= Sethanipuram =

Sethanipuram is a village situated in Thiruvarur District in Tamil Nadu, India. It was part of Tanjore District under the British Raj.

‘Chaithanyapuram’ also known as ‘Sethanipuram' is a small village on the banks of the river Cauvery, situated near Sri Vanchiyam, Nachiyar Koil and Kudavasal / Nannilam. The village is located at a distance of about 21 km from Kumbakonam. As per Krishna Premi Anna’s citation in his book "South India and Brahmin History", Sethanipuram is one among the four villages to which the Shukla Yajur Vedis migrated from the north during the Chola period.

The temples in and around Agraharam themselves are a proof of the sanctity of the village. Located to the west is the Lakshmi Narayana Swamy temple which houses the renowned Kothanda Ramaswamy Sannadhi. On the eastern side stands Lord Meenakshi Sundareshwarar showering his divine blessings on the village. On the banks of River Mudikondan is the Sri Sakthi Ganapathy temple.

The patron deities Sri Sastha, Sri Kaliamman, Sri Peetapahari Amman and Sri Maha Mariamman (a.k.a. Velural) compassionately guard the village on all the four corners.

Temples are the first thing that the Kings used to construct to spread Vedas and Sastras. Meenakshi Sundareswar Swami temple, a very ancient and sanctified temple, is believed to have been constructed during that time, with utmost devotion, under the personal oversight of the Kings and it turned out to be a great monument of worship for ardent devotees of Lord Shiva.

While Lord Sri Sundareswar and Goddess Meenakshi are worshipped as principal deities, the temple includes other sannadhis where other patron deities (Parivara Devata) deities are adored. Starting with Vinayagar Sannadhi, the temple has the divine presence of Sri Subramanian Sannadhi, Gajalakshmi Sannadhi, Maha Mariamman Sannadhi, Sri Guru Bahawan Sannadhi, Sri Durga Sannadhi, Chandikeshwarar Sannadhi, Sri Meenakshi Amman Sannadhi, Sri Sivan Sannadhi, Navagraha Sannadhi, Bhairavar, Soorya & Chandran Sannadhi. The Maha mandapam and the outer Mandapam depict the true tradition, architecture and values of Chola culture.

It is believed, from the village elders, that the temple was renovated 250–300 years back by a Deekshidar whose Samadhi is located between the Kulam (pond) and the temple. In Thiruvannamalai in early 1990s, Sri Yogi Ram Suratkumar said that there was a Samadhi of a Sadhu located in the village. Sri Ramalingam of SBI tried locating this Samadhi after spending couple of years, he was stopped by Yogi saying that this task has been assigned by the almighty for somebody else.

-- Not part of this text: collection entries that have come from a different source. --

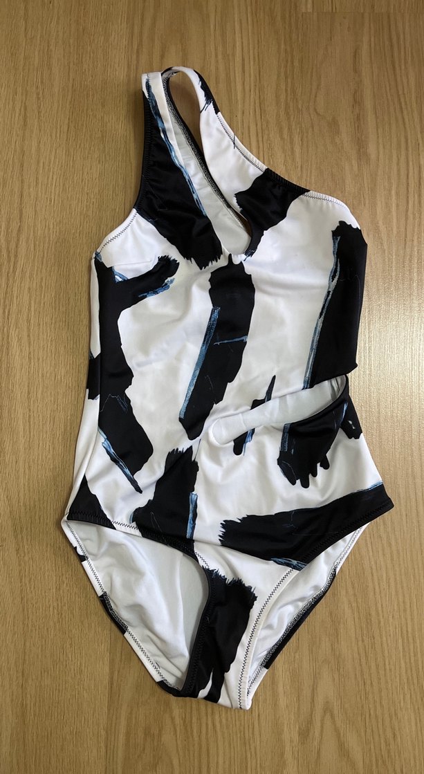 Zebra desenli, kemerli, kısa kesim kadın mayo. İnce askılı, dar kesim ve çağdaş tarzda, açık hava kullanımı için uygundur.
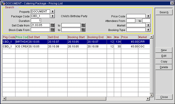 Use the Catering Package - Pricing List screen to set up the pricing for catering packages.
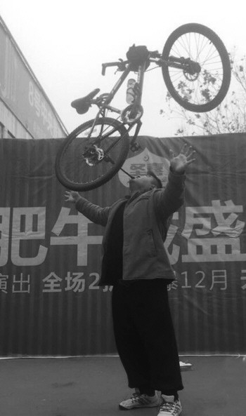 铁下巴孙朝阳压轴出场,与顾客简单做了互动就开始顶起桌子,一片掌声响起。铁下巴感觉不过瘾,于是从台下借了一辆自行车顶了起来!由于这辆车子没有后座,孙朝阳说比当年央视春晚上表演还难!最后铁下巴竟然把台下一位朋友请到台上放到梯子上顶了起来,大家连声叫好。
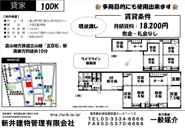 物件名富山県中新川郡立山町五百石27-5 10DK 18,200円
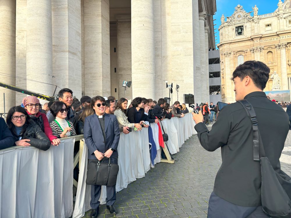 A group of young people awaits the funeral for Pope Francis at the Vatican April 26. (NCR photo/Soli Salgado)
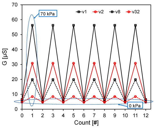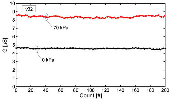 where G0 is the conductance in the unloaded condition and G(p) is the measured conductance with an applied pressure p (i.e., stress σ). Differently from the mechanical properties, the sensor piezoresistive behaviour is affected sensibly by the strain rate. At the lowest speed v1 (i.e., ~ 0.0026 s−1), ΔG% is almost constant up to a pressure limit plim ≈ 10 kPa. For higher pressures (i.e., p > plim), when corresponding to the densification regime of the foam, ΔG% shows a monotonic increase. Differently, at higher cross-speed velocities (i.e., v2, v8 and v32), the sensor shows a negative and almost linearly decreasing ΔG% up to p ≈ plim. Beyond that value ΔG% reverses the trend and starts to increase with a rising rate which is higher for lower speeds. Although the piezoresistive sensor output undergoes significant changes in response to different velocities, it shows a high repeatability after the mechanical stabilization shown in Figure 13. This fact is confirmed by the results reported in Figure 15 and Figure 16. Figure 15 displays the conductance recorded at the beginning and at the end of each of the six monotonic loading tests performed in sequence (with an applied pressure ranging from 0 kPa up to 70 kPa), and repeated for the different crosshead speeds v1, v2, v8 and v32. Figure 16 shows the conductance values measured at two different applied pressures during one hundred consecutive compression tests carried out at the maximum speed v32 (the most severe test condition). It is noted that the sensor provides a high repeatable response throughout all the cycles. In particular, with reference to Figure 16 it is observed that the conductance average values at 0 kPa and 70 kPa of applied pressure are 4.65 μS and 8.45 μS, respectively with a standard deviation of 0.15 μS and of 0.16 μS.
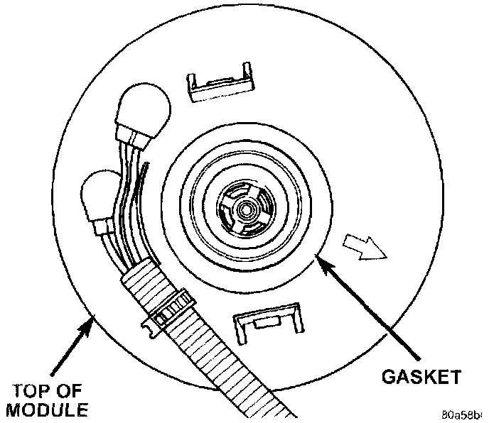 6. The arrow (Fig. 22) on top of fuel pump module should be pointed towards front of vehicle (12 o'clock position).

There are also printed reports from Kalyana Kalpatharu (edition 1945), published from Varanasi, stating that Sri Venkatrama Iyer, belonging to this village, was the first to spread Panduranga Nama in South India. (TP Kodandarama) . From hearsay, Goddess Meenakshi is known for miracles and we have even witnessed some of them. Papanasam Sivan, the great Tamil composer is said to have got special powers after seeing Meenakshi.

The fact that Maha Periyava has visited this temple twice during his Vijay Yathras and has stayed here is a testimony to the piousness of the temple.

What's special about Sri Meenakshi Sundareswarar Temple?
Goddess ‘Meenakshi’ is widely revered as a benevolent deity who bestows boons upon her devotees.
The temple is very special as far as the Sthala, Moorthi and Theertham are concerned. It is a prominent Manokarakha Sthalam. (Manokaraka also means ‘Ruler of the Mind’)
Worshipping this deity will wipe away all agony, problems and diseases of the mind. The deity would also vanquish fears, hatred, sorrow and anxiety; and bestow the devotee with a tranquil mind.
Many Yogis, Gnanis and Siddha Purushas have benefitted from worshipping Perumal and Ammai. Amongst them, is the well-known Sri Rama Nama Yatheendral, who recited the Rama Nama with utmost devoutness, attained Siddhi in the Sannadhi and has performed exceptional miracles.
Sri Rama Nama Yatheendral’s Athistanam is situated at this very place. (Adhishtanam is the sub-stratum. In Advaita Vedanta, the real entity located in which the unreal thing is perceived).